WILLIAM GLADSTONE moaned of being "borne down in a torrent of gin and beer" after losing the 1874 general election, and a deluge of similar proportions now threatens to engulf investors in a pub retailing sector awash with at least half a dozen companies looking to go public.

"It's a bit like the baby boom in the Sixties," quips Derek Mapp, managing director of Tom Cobleigh, the independent pub retailer planning a pounds 50m flotation next month. "But we weren't conceived out of the Beer Orders."

The Government's so-called Beer Orders in 1989 forced the big brewers to sell off thousands of pubs - inevitably, they chose the least profitable. Unlike other flotation candidates, though, Mansfield-based Tom Cobleigh owns none of the boozers spun off by the industry giants after that fateful Monopolies and Mergers Commission review. Instead, in a little over three years, Cobleigh has built up a chain of 78 mostly managed, branded pubs in Yorkshire, Humberside and the east Midlands.

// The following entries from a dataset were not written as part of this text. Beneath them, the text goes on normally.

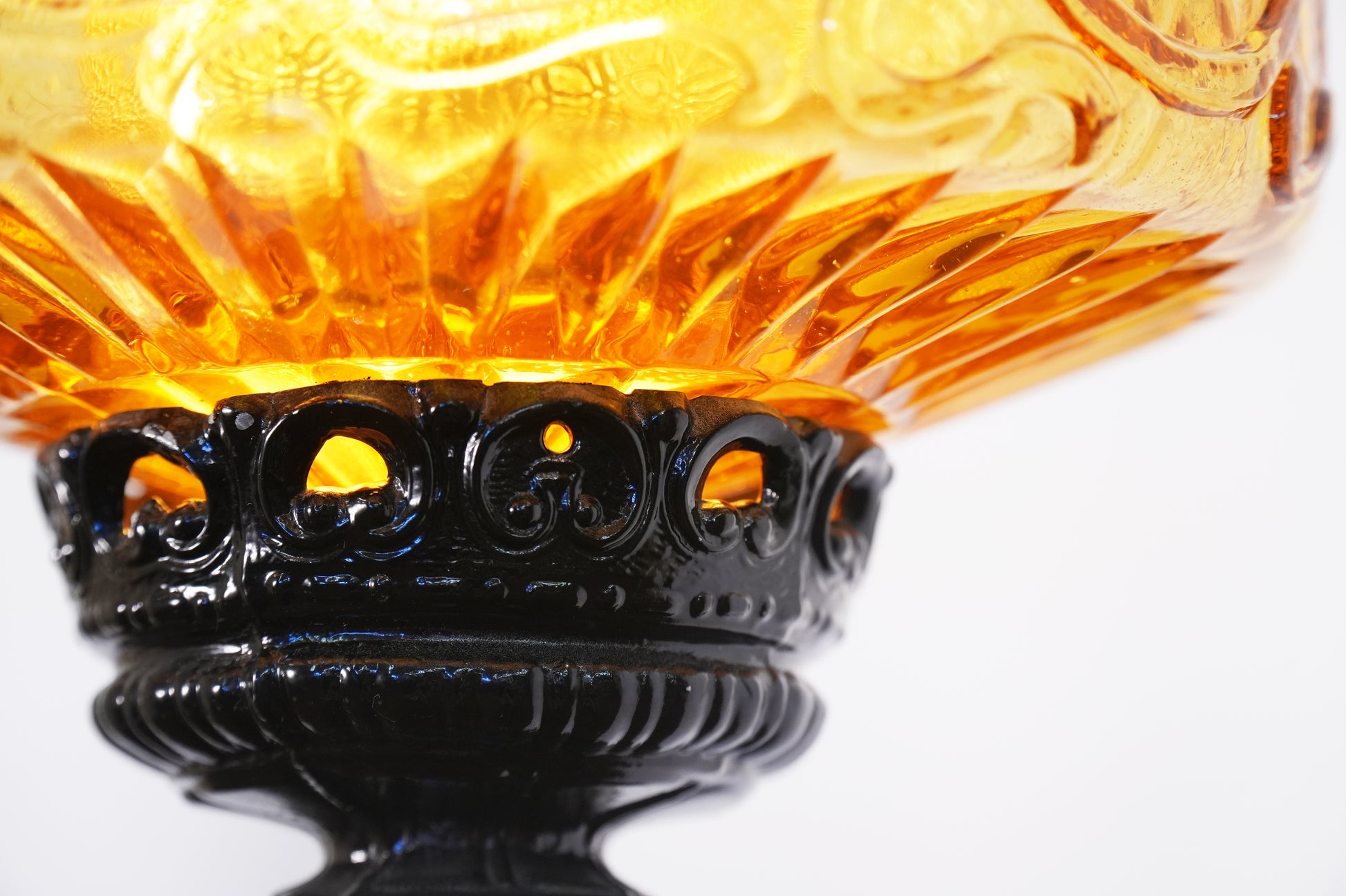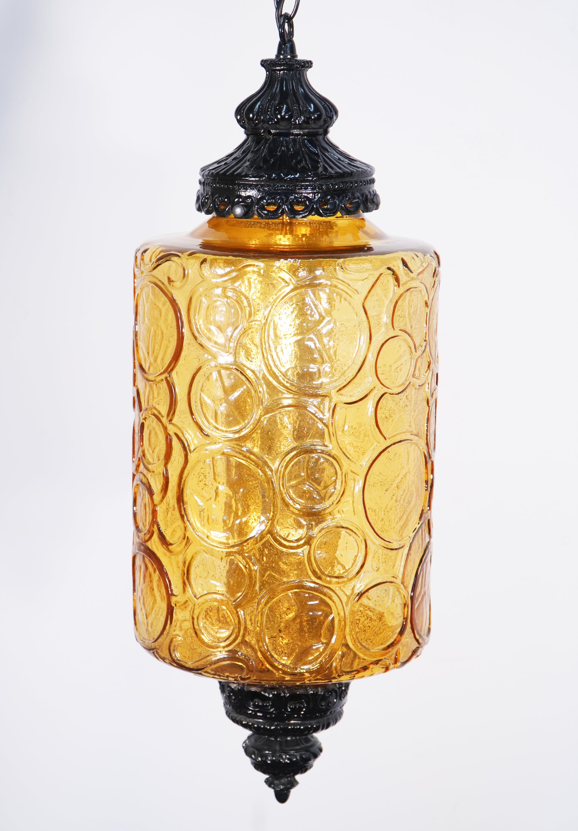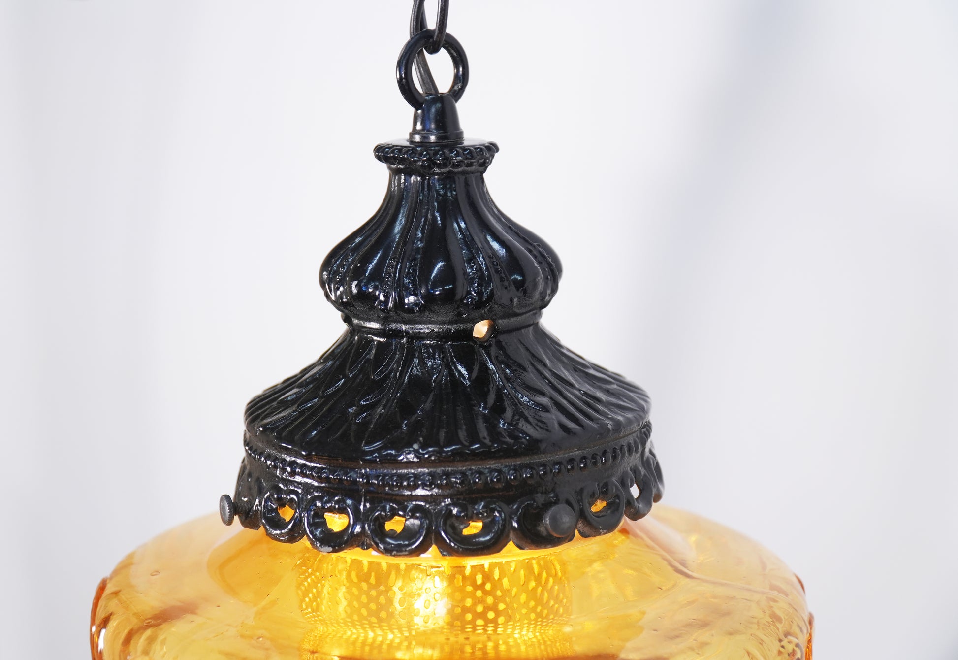 Vintage Mid-Century Amber & Black Hanging Swag Lamp Light w/ Diffuser
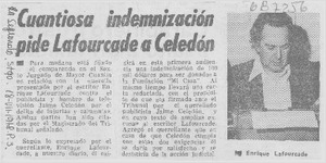 Cuantiosa indemnizaión pide Lafourcade a Celedón. [artículo]
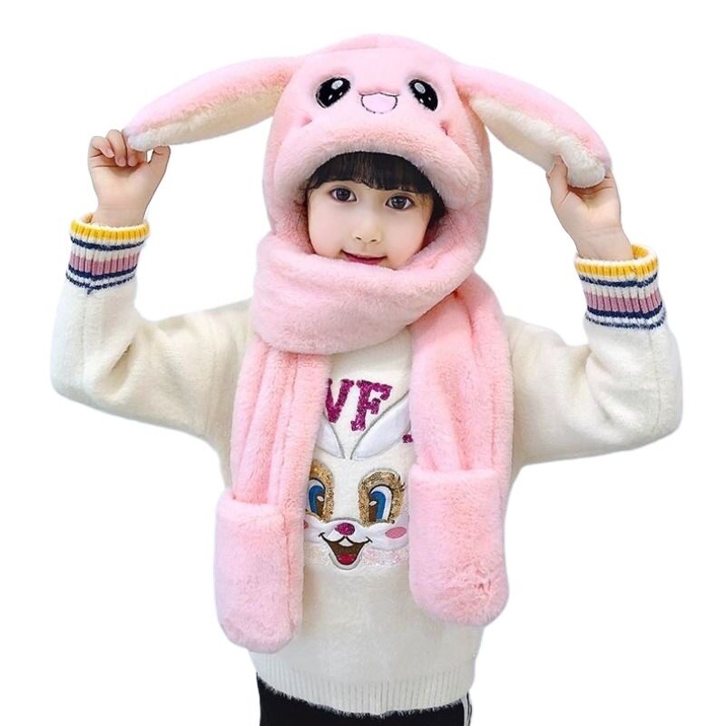 儿童帽子围巾一体兔耳朵会动手套秋冬季男女童宝宝加厚可爱三件套
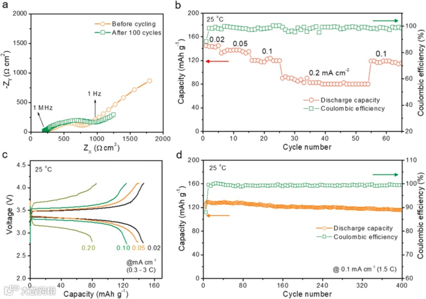 图四: 制备的LLZTO沉淀在25°C下的电化学表征。
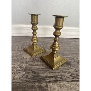 Anderson Foundry Arts & Crafts Mission Brass Candlesticks Pair 6 3/8” Art Deco
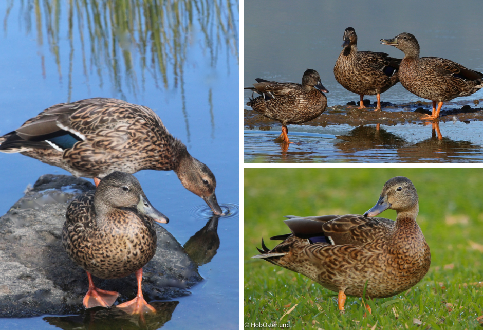 Koloa are medium-sized birds with mottled brown body feathers, iridescent green to blue wing bars, a spotted tail, and orange legs and feet. Their bill is dark greenish and can also feature an orange tip in some females. Koloa flush easily when disturbed and provide a delightful “quacking” sound as they take to flight, often in pairs.
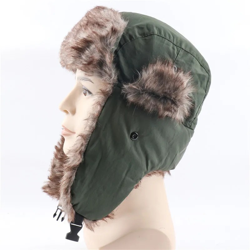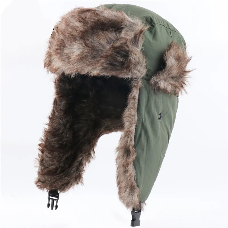 Ce chapeau de bombardier imperméable avec doublure thermique en fausse fourrure est le couvre-chef le plus adapté au grand froid hivernal. Protection, chaleur et confort de port, garantie pour cet accessoire exceptionnel au charme russe. Pour la taille aucun souci, ce modèle unisexe convient à toutes les circonférences de tête adulte (55-61cm). Ce couvre-chef au style pashanka, militaire ou trappeur possède des oreillettes clipsables. Cet article de qualité sera résister à l’usure ainsi qu’aux intempéries.
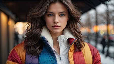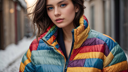 Close-up portrait of a beautiful young brunette woman in a colorful jacket in the city
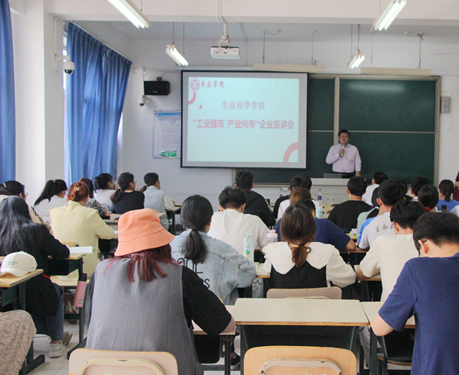 宣讲会上,韩笑代表学院向杰诺生物酶有限公司领导的到来表示欢迎和感谢。随后王昌斌主任对公司简介、企业文化、企业员工培养模式、企业目前的发展状况及发展前景与同学们作了详尽的分享,对本次招聘岗位与人数、岗位描述、任职要求也一一进行了解说,并希望同学们都能找到自我实现的价值与目标,并为之而努力奋斗。会后,部分同学在现场进行了交流解答。
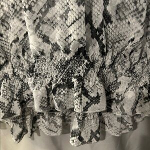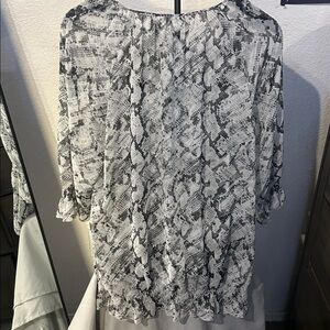 Stylish snake print blouse by Chico's. Features a monochrome design. Semi sheer. Size 2. EUC
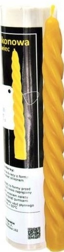 Чтобы свечу было легче извлечь из формы, рекомендуется сбрызнуть форму силиконовым спреем. Фитиль следует ввести в форму перед заливкой, он должен быть слегка натянут. Перед заливкой воска форму следует обвязать бечевкой или закрепить резинками. Для заливки формы используйте жидкий воск, нагретый до 50°С – форма должна быть надежно защищена от проливания воска.
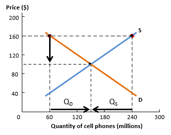 假设价格高于均衡价格,那么就会发生供给过剩(Surplus);假设价格低于均衡价格,那么就会发生需求不足(Shortage)。
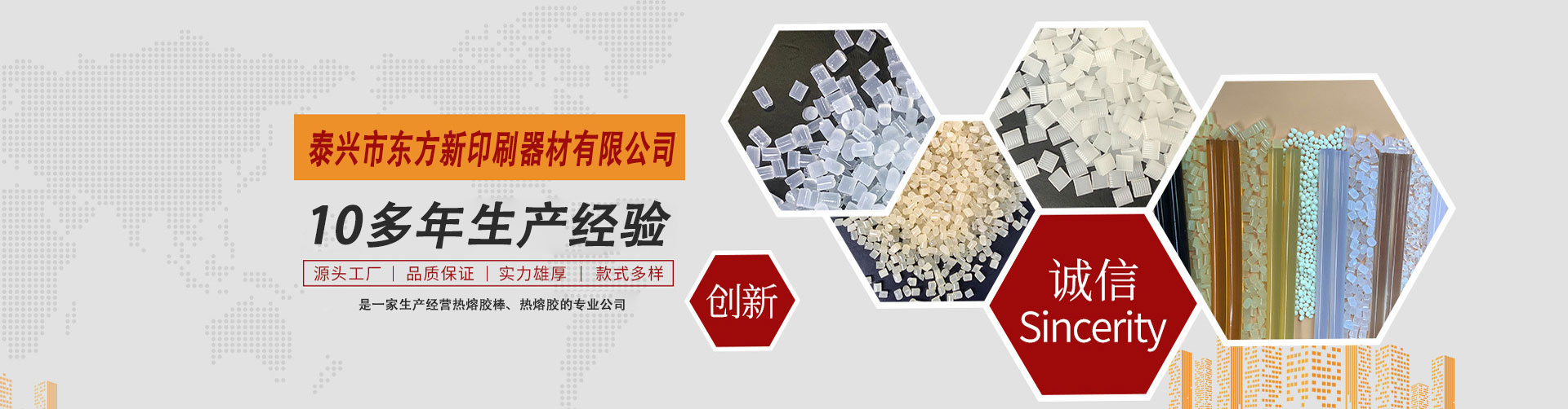 泰興市東方新印刷器材有限公司是專一生產(chǎn)綠色環(huán)保型印刷裝訂書刊熱熔膠,封箱包裝熱熔膠,吸管膠,鞋材熱熔膠,冰箱熱熔膠,熱熔膠棒,地毯背膠等。產(chǎn)品具有快速粘接、耐老化、強(qiáng)度高、熱穩(wěn)定性好、無(wú)毒害等優(yōu)點(diǎn),廣泛用于無(wú)線膠訂、自動(dòng)化封箱,飲料吸管粘結(jié)接,電子電器、工藝品、玩具、家具等領(lǐng)域,公司與多家科研機(jī)構(gòu)建立了緊密的戰(zhàn)略合作關(guān)系,質(zhì)量達(dá)到先進(jìn)水平,產(chǎn)品已銷往全國(guó)30多個(gè)省市地區(qū),并出品到東南亞多個(gè)國(guó)家和地區(qū)。    公司堅(jiān)持“誠(chéng)信為本,貼心服務(wù)”為廣大顧客提供優(yōu)質(zhì)產(chǎn)品,董事長(zhǎng)兼總經(jīng)理黃衛(wèi)東先生攜全體員工,竭誠(chéng)歡迎各界朋友光臨指導(dǎo)、洽談合作、共贏同發(fā)展。    Taixing Dongfang New Printing Equipment Co., Ltd. specializes in the production of green and environmentall…

While Cobleigh should receive a warm reception from investors, the same cannot be said of Enterprise Inns, a management buyout from Bass in 1991, which is due to price its expected pounds 60m issue this week. Analysts worried by the quality of its 500 outlets say Enterprise may have to be floated on a yield of up to 6 per cent to get the issue safely away.

Other pub chains - including Century Inns, Magic Pub and the biggest of them all, the Brent Walker-owned Pubmaster - may have to reconsider their own float plans if Enterprise fails to generate enough interest.